D’Acquisto coglie la capacità di Wall di catturare istantanee di storie dalle molte possibili implicazioni. L’autore canadese crea frammenti di storie: imposta set come fossero set cinematografici e tra i suoi modelli cita il cinema, per esempio quello neorealista. A chi scrive qui fa più volte pensare a David Lynch, al Lynch di film come l’inquietante Mulholland Drive. Perché sa essere enigmatico, Wall, muove dalla realtà quotidiana per scavare più a fondo e non rivela tutto.
Alla stampa a Bologna l’autore di Vancouver a inizio novembre ha parlato di una impostazione “quasi documentaristica” e chiarito: “Non uso termini come ‘messa in scena’, è chi guarda che crea la narrazione, ci sono più modi di dire la verità”. Il fotografo non adotta il termine “verità” superficialmente: il suo lavoro poggia su un essere partecipe, sottovoce, delle tribolazioni di chi conosce la fatica di vivere per ragioni sociali ed economiche o, chissà, emotive e psicologiche.
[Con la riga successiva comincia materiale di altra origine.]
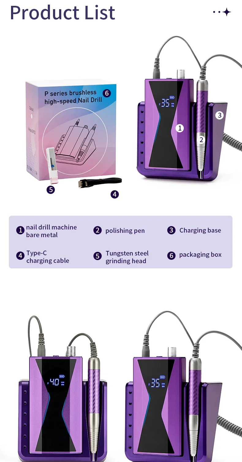 The New Brushless Rechargeable Electric Nail Drill is a high-performance tool designed for both professional nail technicians and at-home users. With a powerful 85W motor capable of reaching speeds up to 40,000 RPM, this nail drill ensures efficient and precise nail care.
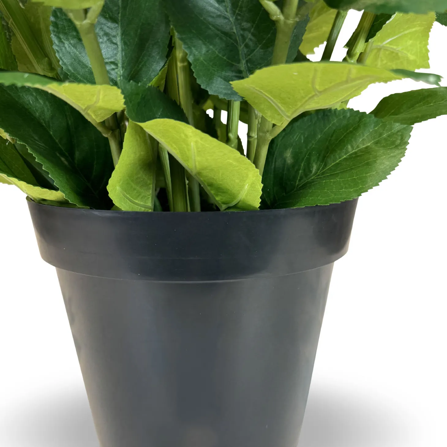 Dank der sorgfältig ausgewählten Materialien wirkt die Pflanze täuschend echt – sowohl die großen, kugelförmigen Blütenköpfe als auch die satten, grünen Blätter sind naturgetreu gestaltet. Dadurch bringt die Hortensie in jeden Raum eine frische, elegante Note, ohne dass sie jemals ihre Schönheit verliert.

In altre parole, l’autore crea un set e una situazione per cogliere qualcosa dietro il visibile eppure presente.
A Bologna il comunicato cita i grandi dipinti di Velazquez e Delacroix, ai giornalisti Wall ha richiamato Rembrandt e Vermeer e precisando di non sentirsi “un tradizionalista né un conservatore”. Una possibile definizione che vuole proprio rifuggire se, in un’intervista a Rica Cerbarano sempre sul Giornale dell’Arte, ha specificato di non nutrire “un particolare rispetto per la ‘tradizione’; sono colpito e in una certa misura influenzato tanto dall’arte antica, diciamo Giotto, quanto da quella nuova, diciamo Pierre Huyghe”.
Il discorso si inquadra nell’estrema cura formale delle sue opere, nei dettagli. Come nella scena delle tre donne e dell’uomo di spalle che puliscono polli in una specie di magazzino sovraccarico di attrezzi da lavoro, biciclette e chissà cos’altro. Oppure il volontario che pulisce il pavimento in una cucina in una casa si suppone di sostegno e ha un’aria assorta, triste, certo non allegra.
Un’altra foto, in bianco e nero, inquadra una ragazza in piedi sul retro di una casa povera e malmessa. Lei guarda, forse attonita, la serratura che qualcuno ha sfondato. Un’effrazione? Cos’è accaduto? Una scena che potremmo supporre cinematografica e al contempo quotidiana. Wall riesce a farci provare solidarietà verso la ragazza, verso i suoi sentimenti. Qualunque dramma lei stia sta vivendo e che non sapremo mai perché l’artista suggerisce e lascia l’interrogativo alla nostra sensibilità.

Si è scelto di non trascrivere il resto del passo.